§ **GIVEN RECORDS**:
┌────────
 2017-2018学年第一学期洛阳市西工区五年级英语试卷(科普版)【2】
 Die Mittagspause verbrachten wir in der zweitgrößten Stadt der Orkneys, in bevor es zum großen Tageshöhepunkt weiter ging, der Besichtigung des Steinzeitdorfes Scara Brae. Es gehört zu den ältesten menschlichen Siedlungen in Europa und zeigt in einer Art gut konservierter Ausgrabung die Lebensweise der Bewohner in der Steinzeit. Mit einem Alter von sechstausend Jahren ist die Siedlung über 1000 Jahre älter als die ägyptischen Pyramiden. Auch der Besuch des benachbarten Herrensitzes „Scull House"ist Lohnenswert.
└────────
┌────────
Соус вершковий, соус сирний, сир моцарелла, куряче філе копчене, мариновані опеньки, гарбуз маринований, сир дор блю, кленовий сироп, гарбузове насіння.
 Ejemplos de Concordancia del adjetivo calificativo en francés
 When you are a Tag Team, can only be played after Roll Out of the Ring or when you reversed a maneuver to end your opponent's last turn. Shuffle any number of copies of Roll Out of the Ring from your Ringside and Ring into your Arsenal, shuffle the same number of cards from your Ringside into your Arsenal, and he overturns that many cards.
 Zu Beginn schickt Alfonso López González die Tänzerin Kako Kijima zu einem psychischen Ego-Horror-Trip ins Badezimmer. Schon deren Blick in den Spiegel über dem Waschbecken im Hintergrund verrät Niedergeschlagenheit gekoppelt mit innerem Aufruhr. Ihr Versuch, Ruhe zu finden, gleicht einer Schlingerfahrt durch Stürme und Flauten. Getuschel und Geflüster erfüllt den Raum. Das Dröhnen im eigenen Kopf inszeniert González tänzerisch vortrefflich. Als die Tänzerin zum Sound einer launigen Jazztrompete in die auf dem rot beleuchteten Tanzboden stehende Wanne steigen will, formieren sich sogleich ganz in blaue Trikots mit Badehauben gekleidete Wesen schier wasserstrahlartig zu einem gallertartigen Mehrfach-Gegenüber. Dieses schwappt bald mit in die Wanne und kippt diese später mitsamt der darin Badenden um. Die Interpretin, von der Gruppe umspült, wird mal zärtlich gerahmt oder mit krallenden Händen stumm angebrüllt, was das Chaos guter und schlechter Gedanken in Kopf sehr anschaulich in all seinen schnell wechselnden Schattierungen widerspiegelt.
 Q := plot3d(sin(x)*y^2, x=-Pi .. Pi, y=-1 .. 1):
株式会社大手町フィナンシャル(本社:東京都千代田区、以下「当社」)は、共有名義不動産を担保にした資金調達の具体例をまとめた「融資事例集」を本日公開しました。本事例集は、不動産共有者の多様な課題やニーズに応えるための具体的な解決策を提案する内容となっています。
└────────
Return, word for word, the lines of the data above from the line with "When you are" through the line with "Q := plot3d(sin(x)*y^2, x=-Pi", inclusive.

§ **EXERCISE RESULT**:
 When you are a Tag Team, can only be played after Roll Out of the Ring or when you reversed a maneuver to end your opponent's last turn. Shuffle any number of copies of Roll Out of the Ring from your Ringside and Ring into your Arsenal, shuffle the same number of cards from your Ringside into your Arsenal, and he overturns that many cards.
 Zu Beginn schickt Alfonso López González die Tänzerin Kako Kijima zu einem psychischen Ego-Horror-Trip ins Badezimmer. Schon deren Blick in den Spiegel über dem Waschbecken im Hintergrund verrät Niedergeschlagenheit gekoppelt mit innerem Aufruhr. Ihr Versuch, Ruhe zu finden, gleicht einer Schlingerfahrt durch Stürme und Flauten. Getuschel und Geflüster erfüllt den Raum. Das Dröhnen im eigenen Kopf inszeniert González tänzerisch vortrefflich. Als die Tänzerin zum Sound einer launigen Jazztrompete in die auf dem rot beleuchteten Tanzboden stehende Wanne steigen will, formieren sich sogleich ganz in blaue Trikots mit Badehauben gekleidete Wesen schier wasserstrahlartig zu einem gallertartigen Mehrfach-Gegenüber. Dieses schwappt bald mit in die Wanne und kippt diese später mitsamt der darin Badenden um. Die Interpretin, von der Gruppe umspült, wird mal zärtlich gerahmt oder mit krallenden Händen stumm angebrüllt, was das Chaos guter und schlechter Gedanken in Kopf sehr anschaulich in all seinen schnell wechselnden Schattierungen widerspiegelt.
 Q := plot3d(sin(x)*y^2, x=-Pi .. Pi, y=-1 .. 1):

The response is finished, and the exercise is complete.